Dalam diskusi tersebut, pelibatan TNI dalam penanganan terorisme merupakan isu kompleks yang melibatkan aspek hukum, keamanan nasional, dan demokrasi. Meskipun secara hukum pelibatan tersebut dimungkinkan, implementasinya harus diatur secara hati-hati agar tidak menimbulkan konflik kewenangan antar lembaga, pelanggaran hak asasi manusia, kemunduran dalam reformasi sektor keamanan.

Wakil Dekan Bidang Akademik FH UB, Milda Istiqomah, menegaskan bahwa secara hukum pelibatan TNI dalam penanggulangan terorisme sebenarnya telah diatur dalam Undang-Undang Nomor 5 Tahun 2018 tentang Pemberantasan Tindak Pidana Terorisme. Namun, persoalan muncul ketika rancangan peraturan presiden mencoba mengatur lebih rinci peran militer dalam berbagai tahap penanganan terorisme.

“Dalam Undang-Undang Anti Terorisme sebenarnya sudah ada pasal yang mengatur pelibatan TNI dalam operasi militer selain perang. Namun rancangan Perpres ini mengatur secara lebih detail hingga ke tahap penangkalan dan penindakan,” ujarnya.

Menurut Milda, kondisi tersebut berpotensi memunculkan tumpang tindih kewenangan dengan lembaga yang selama ini telah memiliki mandat utama dalam penanggulangan terorisme, seperti BNPT dan Densus 88. “Kami khawatir ketika TNI dilibatkan secara luas akan terjadi tumpang tindih kewenangan dengan institusi yang selama ini sudah memiliki peran dalam penanganan terorisme,” katanya.

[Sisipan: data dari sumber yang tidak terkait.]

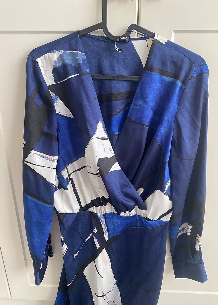 Ürünü hiç giymedim tesettürlüyüm benim için uygun olmadı süresi geçtiği için iade edemedik saten ağır kumaşlı şık kaliteli bir elbise

Ia menekankan bahwa pelibatan militer seharusnya menjadi langkah terakhir dalam situasi luar biasa ketika aparat penegak hukum tidak lagi mampu menangani ancaman yang muncul. “Jika ancaman terhadap negara sangat besar dan polisi tidak mampu menangani sendiri, maka TNI bisa dilibatkan. Tetapi pengaturannya seharusnya berada di tingkat undang-undang, bukan hanya dalam Perpres,” ujarnya.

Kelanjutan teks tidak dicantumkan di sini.